Эпоха мемориальных торжеств миновала. То, что именем Стелламура и по приказу белобрысого капитана происходило на Слепом берегу, в дни и недели после прихода Армии, было уже не искупительными ритуалами и не имитацией принудительных работ, как при майоре Эллиоте; это была работа, самая настоящая: демонтаж конусных и молотковых дробилок, доставка многотонных кулачковых валов и колодок из марганцовистой стали от карьера к грузовой пристани. Теперь всякая ноша имела свой реальный вес и вправду была ношей, а не просто муляжом, как «гранитные блоки» на стелламуровских торжествах времен Эллиота; и никакие полковые фотографы не вертелись рядом с измученными людьми, снимая для архивов согбенные спины и серые, запыленные лица… Ничто не кануло в прошлое, ничто уже не было просто памятью, все было сегодня, сейчас. Если кто-то из носильщиков валился на колени у подножия Великой надписи, то от изнеможения, а не по приказу фотографа или распорядителя. И если какой-нибудь солевар или овцевод в нерабочие дни принимался освобождать свой дом в Мооре или в Хааге, то пустые комнаты, потрескавшиеся стены, узлы, громоздящиеся в сенях, напоминали уже не о прошлом, не о давнем бегстве и не о давних изгнаниях – нет, только о будущем. А будущее было – прощание с Моором.
Ты… и ты, да, вот ты и еще ты, эй, я тебя имею в виду, подите сюда, и ты тоже, ну, живо!

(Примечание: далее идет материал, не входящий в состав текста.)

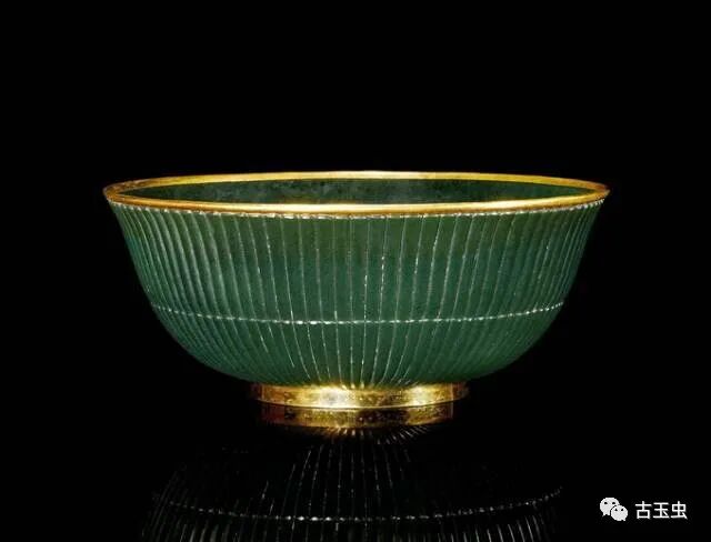 清乾隆 碧玉雕痕都斯坦式嵌宝石花式盏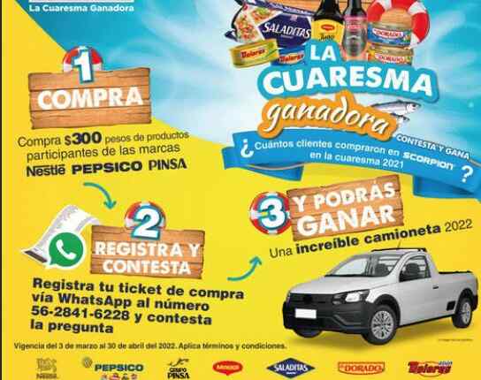Tienda Scorpion te invita a participar a su concurso Cuaresma 2022 en el que podrás ganar una camioneta VW Saveiro, si quieres ser ganador realiza la mecánica siguiente: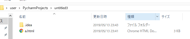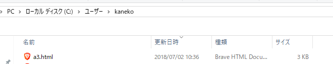 先ほど調べた「カレントディレクトリ」に a.html が作成される.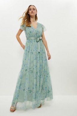 Coast Printed Tulle V-neck Tie Belt Maxi Bridesmaid Dress Green Multi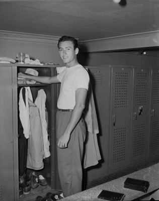 Fort Worth's Bobby Malone, in a dressing room, advanced at Glen Garden with 21-hole victory over Frank Wear Jr. of Paris. Published in Fort Worth Star-Telegram, evening edition July 29, 1950.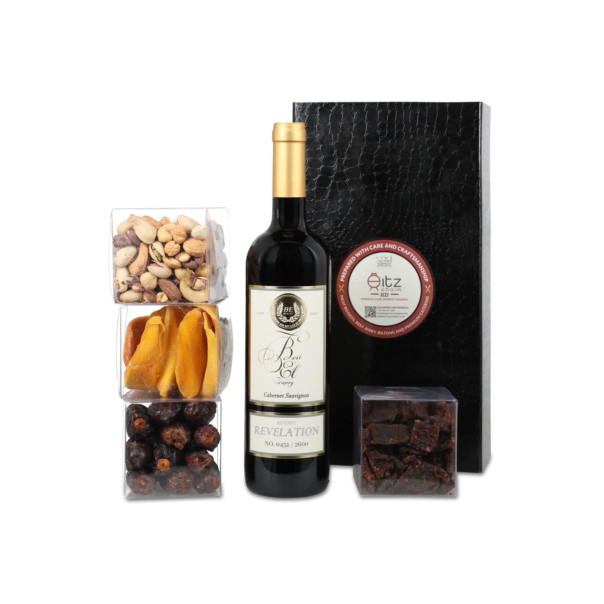 A refined Mishloach Manos experience featuring a bottle from Beit El Winery, beautifully presented in a magnetic black gift box with ECB jerky and your choice of curated pairings. Each box is thoughtfully assembled with candy or premium fruit and nuts, creating the perfect balance of bold wine, savory richness, and elevated indulgence. Elegant, generous, and ready to gift – this is a wine box designed to impress.
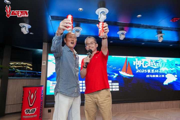 战马作为民族能量饮料品牌的代表,其勇敢无畏,乐观积极的品牌态度与翟墨的航海精神完美匹配。作为本次航行活动的官方合作伙伴,战马将为所有船员全程提供能量补给。10月9日晚,战马能量之夜暨《帆越南极2025翟墨环航南极洲》启航欢送晚宴在黄浦江游船上盛大举行。华彬快速消费品集团上海分公司总经理翁海新先生特意将一份战马能量礼盒赠予翟墨船长,祝愿此次航行活动圆满顺利。
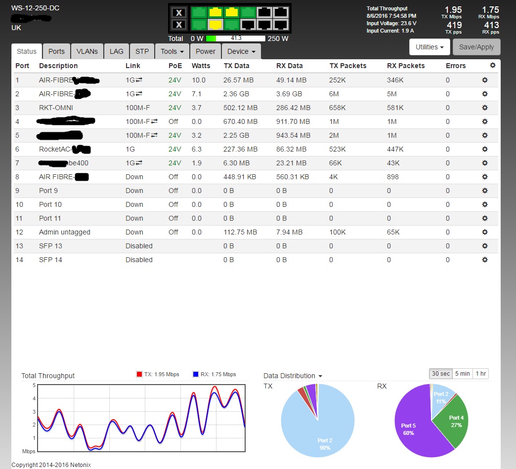 If you hook to batteries at the bottom and let's assume you only have 5V of drop which I think will be more under heavier loads and the batteries discharge to say 14V which means you are only getting 9V at the top and if you're up converting 9V to 50V (which is what the switch does) and then you want to deliver power for say 8 radios and 2 are AF24 and the rest are airMAX radios that is almost 200 watts peak.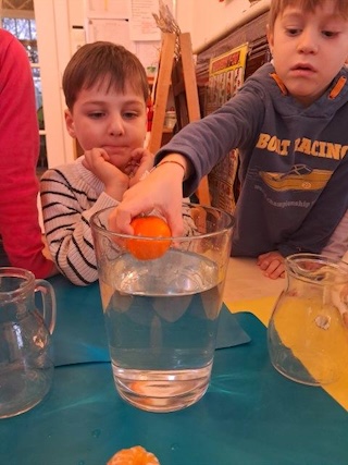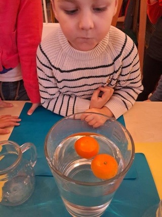 Die geschälte Mandarine sinkt aufgrund ihrer geringeren Dichte ab.

Если с утра на пристани собиралось недостаточно добровольцев, готовых переправиться на «Спящей гречанке» к Слепому берегу и заняться демонтажными работами, по деревням громыхали грузовики призывной команды, увозившие всех трудоспособных мужчин. Каждый вечер по распоряжению капитана возле секретариата вывешивали объявление: большие яркие цифры сообщали, сколько человек должны завтра явиться на работы; капитана не интересовало, каким образом деревенские наберут добровольцев – по жребию, уговорами или угрозами. Главное, чтобы утром на пристани было необходимое количество людей; если не хватало хотя бы двоих, за дело бралась команда, и тогда подсчетов уже не вели, набивали полный кузов, а часы опоздания, связанные с задержкой, нужно было отработать в каменоломне сверхурочно. Смена продолжалась иной раз до глубокой ночи. За работу не платили. После этих изнурительных дней в Мооре часто случались драки: кое-кто пытался увильнуть от каменоломни, тем самым взваливая свою обузу на других, вот собственные соседи и отлавливали таких и нещадно били.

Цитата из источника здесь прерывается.